Lets look at the plot,

plot_simrel(simrel2_obj, which = c(1, 3, 4), layout = matrix(c(1, 1, 2, 3), 2, 2, byrow = TRUE))

Multivariate simulation uses `multisimrel`

function and can simulate multiple responses. Lets simulate 100 training samples and 500 test samples. The simulated data has 5 responses and 15 predictors. These 5 responses spans 5 latent space out of which only 3 are related to the predictors. Lets denote them by **w**_{i}. Let 5, 4 and 4 predictors are relevant for response components **w**_{1}, **w**_{1} and **w**_{1} respectively. The position of relevant predictor components for **w**_{1} be 1, 2, 3; for **w**_{2} be 4 and 5. Similarly, predictor components 6 and 8 are relevant for **w**_{3}.

Since we need 5 response variables, we mix-up these 3 informative response components with 2 remaining uninformative components so that all simulated response contains information that **X** are related. Lets combine **w**_{1} with **w**_{4} and **w**_{3} with **w**_{5}. So that the predictors that are relevant for response components **w**_{1} will be relevant for response **y**_{1} and **y**_{3} and so on.

In addition to these latent space requirements, let **X** explains 80% variation present in **w**_{1}, 50% in **w**_{2} and 70% in **w**_{3}. The eigenvalues of X reduces by the factor of 0.8.

simrel_m_obj <- simrel( n = 100, # 100 training samples p = 15, # 15 predictor variables q = c(5, 4, 4), # relevant variables for w1, w2 and w3 relpos = list(c(1, 2, 3), c(4, 5), c(6, 8)), # relevant components for w1, w2 and y3 R2 = c(0.8, 0.5, 0.7), # Coefficient of variation for w1, w2 and y3 ypos = list(c(1, 4), c(2), c(3, 5)), # combining response components together m = 5, # Number of response gamma = 0.8, # decay factor of eigenvalues of X ntest = 500, # 500 test samples type = "multivariate" # multivariate simulation )

Lets look at the `simrel`

plot;

plot_simrel(simrel_m_obj, which = 1:4, layout = matrix(1:4, 2, 2, byrow = TRUE))

To make the process easier to use, we have created a shiny gadget as an rstudio addons. If you are using Rstuio, you can access this app from Tools > Addins > simulatr. But you can also access this app using `simrel::app_simulatr()`

. This will open the app in a browser from where you can choose all your parameter, see the true population parametrs you will get from the simulation. When the app is closed, it will give an command output on your R console.

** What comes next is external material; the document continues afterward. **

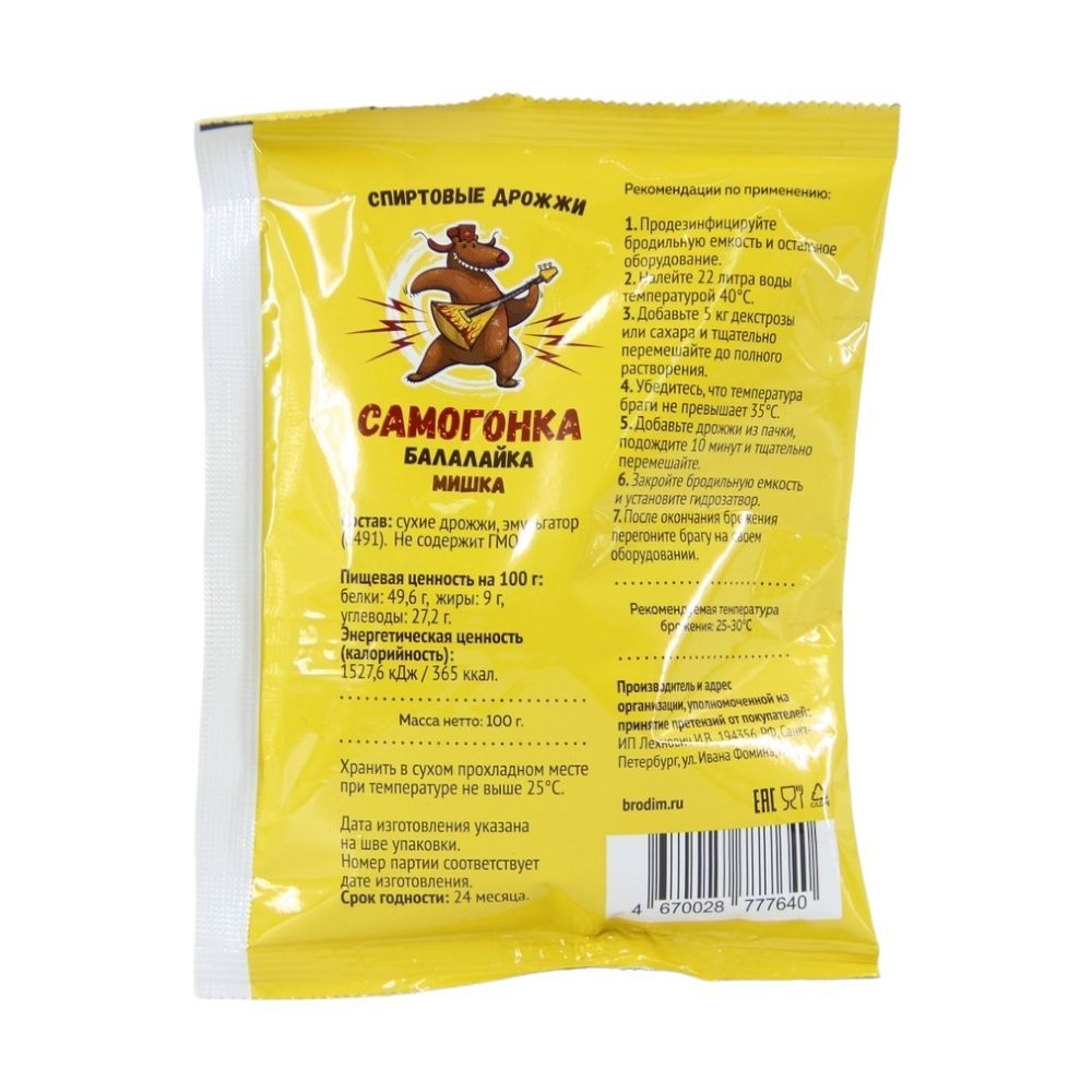 Спиртовые дрожжи "Самогонка Балалайка Мишка", 100 г. – обязательный компонент, без которого сложно представить приготовление в домашних условиях качественного самогона. Главная особенность таких дрожжей – их простота, так как для приготовления с их помощью самогона нет необходимости вносить в брагу различные добавки, подкормки и стимуляторы брожения. Благодаря такой простоте самогонщику не придется придумывать особые рецепты или искать дополнительные компоненты для получения по-настоящему качественного продукта дистилляции. Спиртовые дрожжи "Самогонка Балалайка Мишка", 100 г. рассчитаны на получение 25 литров браги. Отличаются простотой использования, так как достаточно внести около 5 кг сахара, залить водой, добавить дрожжи и поставить полученную брагу в теплое место для максимально эффективного брожения. Несмотря на простоту, дрожжи подойдут и тем, кто занимается изготовлением самогона профессионально, и тем, кто только начинает свое собственное производство крепких спиртных напитков.

- Sæbø, S., Almøy, T., & Helland, I. S. (2015). simrel—A versatile tool for linear model data simulation based on the concept of a relevant subspace and relevant predictors.
*Chemometrics and Intelligent Laboratory Systems*, 146, 128-135. - Rimal, R., Almøy, T., & Sæbø, S. (2018). A tool for simulating multi-response linear model data.
*Chemometrics and Intelligent Laboratory Systems*, 176, 1-10.